The ambiguity of "human values" is a feature, not a bug.
When talking about AI alignment with noobs, there's this problem where everyone and their grandmother instinctively wants to jump immediately to arguing about which particular values/principles/etc the AI should be aligned with. Arguing about what values/principles/etc other people should follow is one of humanity's major passtimes, it's familiar territory, everyone has stupid takes on it and can spew those stupid takes for ages without getting smacked in the face by reality because there's usually no good feedback mechanism on value claims, so those habits generalize readily to talking about AI values. It's very much a bike shed[1]. One of the most common first takes people have upon hearing the problem is "Maybe it's easy, people just haven't thought about aligning it to X", where X is love or The Bible or preserving Markov blankets or complexity or niceness or [...]. Or, rather than a positive suggestion, a negative suggestion, like e.g. the classic "But maybe [humans/AI] won't turn out to have a utility function at all".
On the other hand, from a technical perspective, the entire "What values tho?" question is mostly just not that central/relevant. Understanding how minds work at all and how to robustly point them at anything at all is basically the whole problem.
So when talking about the topic, I (and presumably others) have often found myself reaching for a way to talk about the alignment target which is intentionally conflationary. Because if I say some concrete specific target, then the idiots will come crawling out of the woodwork saying "what if you align it to <blah> instead?" or "but what if there is no utility function?" or whatever. By using a generic conflationary term, I can just let people fill in whatever thing they think they want there, and focus on the more central parts of the problem.

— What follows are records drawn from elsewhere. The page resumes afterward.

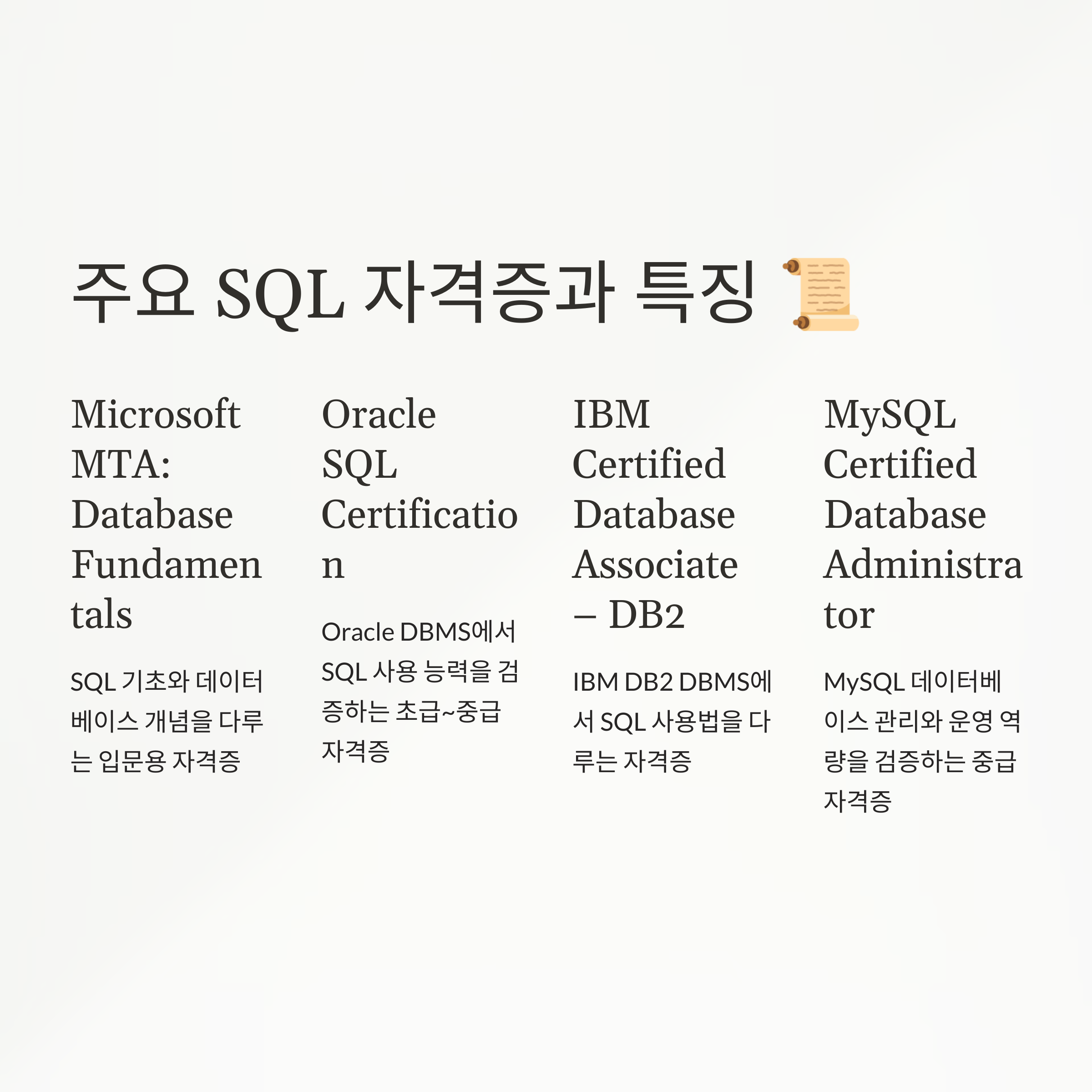 주요 SQL 자격증과 특징 📜
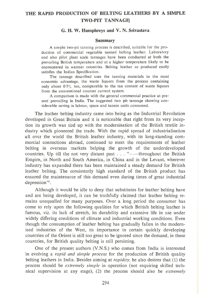 A simple two-pit tanning process is described, suitable for the pro duction of commercial vegetable tanned belting leather. Laboratory and also pilot plant scale tannages have been conducted at both the prevailing British temperature and at a higher temperature likely to be encountered in warmer countries. Belting leather so produced easily satisfies the Indian Specification. The tannage described uses the tanning materials to the most economic advantage, the waste liquors from the process containing only about 05% tan, comparable to the tan content of waste liquors from the conventional counter current system. A comparison is made with the general commercial practice at pre sent prevailing in India. The suggested two pit tannage showing con siderable saving in labour, space and tannin units consumed.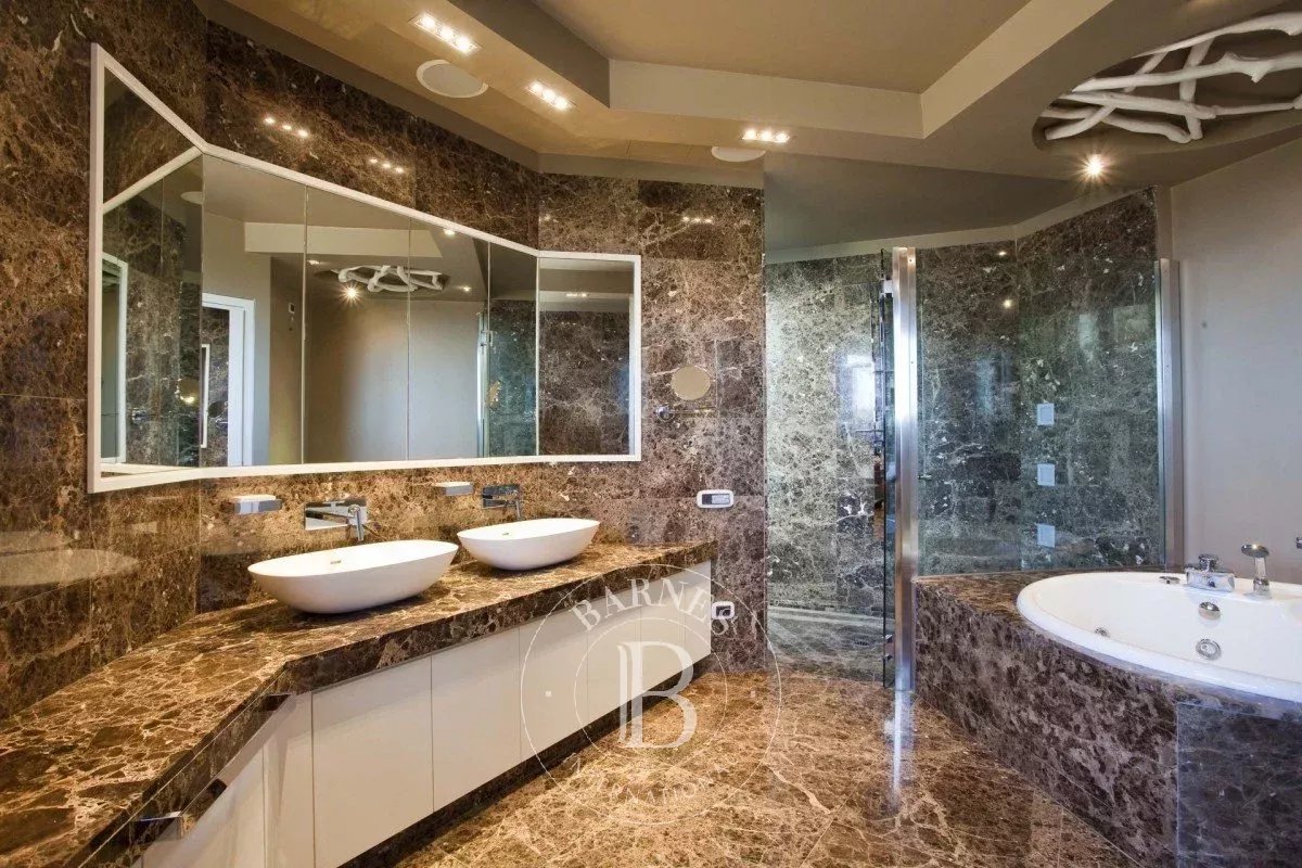 The lower floor features a cinema room with a stone fireplace and state-of-the-art audiovisual equipment with a large wall screen. A fully equipped gym with changing room and shower overlooks the underwater pool. On the same floor, there are 3 more suites with en-suite marble bathrooms and walk-in closets, each with separate access from the outside and, if necessary, communicating from the inside. The villa can accommodate up to 18 people, offering single and double beds, private and shared bathrooms.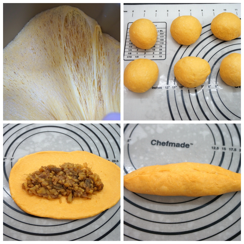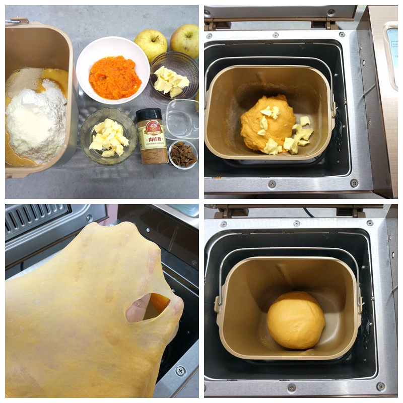 没事儿,咱自己做面包就这么个优势,想什么时候做都成。这不,我把南瓜泥揉进面团,金灿灿如阳光般耀眼,而且还有南瓜特有的香气。苹果我多放了一个,这样可以多做些馅。既然孩子爱吃,妈妈就要花点时间来满足他,尤其这春天了,更是长身体的时候,多吃体质好,而且还能趁着这个季节猛“蹿个儿”。

Historically, when I've felt that need, I've usually reached for the term "values". It's noncommital about what kind of thing we're even talking about, it's mildly emphasizing that we're not yet sure what we're talking about, and that's a feature rather than a bug of the term. I've historically used "human values" and "AI values" similarly; they're intentionally noncommittal, and that's a feature rather than a bug, because it redirects attention to the more central parts of what I'm talking about, rather than triggering peoples' takes on alignment target.
The old addage is that, when a committee is planning a new nuclear power plant, far more time will be spent arguing about what color to paint the bike shed than on any technically load bearing aspect, because everybody feels qualified to offer a take on the color of the bike shed and to argue about it.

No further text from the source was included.